A decent moderate wide route to the right of Freestone. Not as classic as Freestone but a good option if you're tired and scared when you get to the base of Geek Towers (this was us). Some vegetation and a small amount of loose rock but nothing terrible: the rock up here is solid, grippy and gold.

We started as for Freestone, at the large platform around the left of the base (and to the right of Upper falls). This gives you an extra approach pitch up easy low angle solid rock. I believe the traditional start involves scrambling up the center of the base of geek towers and continuing directly up from there. Our pitches were as follows,

p0 (easy approach pitch as mentioned above): Almost 60 meters up the low angle right facing corner. You should pass the Freestone p1 bolt about 20ft up. I set up a belay just under the left facing corner described below.
p1: Traverse slightly left and up into the left facing corner. Somewhat vegetated but the important parts were cleaned out. Awkward 5.9, 20m to a bolted belay.
p2: Climb into the chimney/corner from the left side of the belay, then onto the face, then into the main corner to a fixed belay. 5.7, 50m.
p3: Climb up the awkward chimney, traverse left a bit at the hanging teeth, then around the little corner and up the crack to a fixed belay in an alcove. More awkward 5.9.
Looking up p3 (climbing in the shadows)

p4: The crux, and the standout pitch on the route in both climbing and rock quality. Traverse left from the belay and head up the corner into the 10a offwidth. I found two tricky sections with a break in between and some cool full splits stemming. Don't drop your large cams early! Belay in the comfy alcove under the small roof, 50m.
Bad photo looking up the OW: the good climbing is in the shadows on the right. The OW itself is clean and plant free.
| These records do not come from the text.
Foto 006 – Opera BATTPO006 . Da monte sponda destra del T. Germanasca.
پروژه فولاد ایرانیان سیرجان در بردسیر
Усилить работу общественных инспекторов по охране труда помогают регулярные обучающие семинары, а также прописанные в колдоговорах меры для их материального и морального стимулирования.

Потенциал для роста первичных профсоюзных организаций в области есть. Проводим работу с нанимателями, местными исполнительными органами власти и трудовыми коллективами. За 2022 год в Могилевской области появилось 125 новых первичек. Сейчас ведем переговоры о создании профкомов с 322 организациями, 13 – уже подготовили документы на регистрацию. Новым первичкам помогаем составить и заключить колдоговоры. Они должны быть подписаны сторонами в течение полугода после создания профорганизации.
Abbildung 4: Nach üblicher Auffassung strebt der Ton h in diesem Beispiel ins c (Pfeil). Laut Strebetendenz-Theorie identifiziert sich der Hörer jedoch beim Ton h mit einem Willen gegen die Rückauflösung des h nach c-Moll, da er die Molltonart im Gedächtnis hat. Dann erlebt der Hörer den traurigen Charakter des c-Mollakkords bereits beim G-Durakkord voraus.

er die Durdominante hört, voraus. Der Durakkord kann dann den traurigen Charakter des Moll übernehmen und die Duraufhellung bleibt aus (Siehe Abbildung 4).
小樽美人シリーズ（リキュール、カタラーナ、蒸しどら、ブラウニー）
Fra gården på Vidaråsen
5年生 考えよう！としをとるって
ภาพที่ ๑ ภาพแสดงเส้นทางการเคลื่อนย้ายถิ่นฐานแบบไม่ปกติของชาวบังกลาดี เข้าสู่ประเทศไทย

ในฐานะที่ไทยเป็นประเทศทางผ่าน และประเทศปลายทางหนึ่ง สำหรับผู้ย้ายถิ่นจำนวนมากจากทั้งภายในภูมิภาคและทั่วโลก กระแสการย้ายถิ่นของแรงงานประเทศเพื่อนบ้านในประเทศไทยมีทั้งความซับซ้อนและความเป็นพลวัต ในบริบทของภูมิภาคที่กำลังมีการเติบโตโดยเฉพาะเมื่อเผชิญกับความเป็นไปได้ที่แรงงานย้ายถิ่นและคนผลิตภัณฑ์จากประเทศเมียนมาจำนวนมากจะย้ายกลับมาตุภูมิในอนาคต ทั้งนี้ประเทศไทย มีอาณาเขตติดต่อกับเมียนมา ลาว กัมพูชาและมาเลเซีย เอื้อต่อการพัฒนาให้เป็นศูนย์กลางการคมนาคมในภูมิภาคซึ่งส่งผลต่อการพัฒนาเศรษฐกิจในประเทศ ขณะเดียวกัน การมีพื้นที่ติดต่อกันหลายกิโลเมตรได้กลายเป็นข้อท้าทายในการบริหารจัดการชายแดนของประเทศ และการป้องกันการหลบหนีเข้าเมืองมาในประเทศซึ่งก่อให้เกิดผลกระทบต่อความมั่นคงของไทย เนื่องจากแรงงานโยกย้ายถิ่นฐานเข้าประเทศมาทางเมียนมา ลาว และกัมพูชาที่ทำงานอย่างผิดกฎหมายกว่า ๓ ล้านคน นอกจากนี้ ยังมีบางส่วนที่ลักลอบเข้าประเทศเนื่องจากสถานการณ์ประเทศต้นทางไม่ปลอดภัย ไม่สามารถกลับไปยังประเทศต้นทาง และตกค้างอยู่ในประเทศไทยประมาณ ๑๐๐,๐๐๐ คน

Looking down the OW from the belay.

From the cool alcove at the top of the OW

p5/6: This is a single 5.8 pitch on the topo but we broke it into a short pitch to the fixed belay at the base of the chimney and another long pitch up the chimney. I think it would have been hard to stretch our 60m ropes (or double rack) to the top. I think the right/middle crack out the roof on the p4 belay is the best choice but there's still a tree to negotiate and some rough rock. The chimney is an aesthetic and unwelcome sight at this point in the route, watch out for the shifting chockstone.

10a felt like a fair grade for the offwidth. It's a ton of work for 10a but probably easier than p2 of "Ying-Yang" at Sentinel Creek or Generator or maybe even Book of Job. I liked having a #4 and #5 but I think it could be protected safely with one or neither.

Location

Geek Towers formation, to the left of Lost Arrow. Approach as for Freestone and either start on the same large platform on the far left side of the base as for Freestone or scramble up the center of the base.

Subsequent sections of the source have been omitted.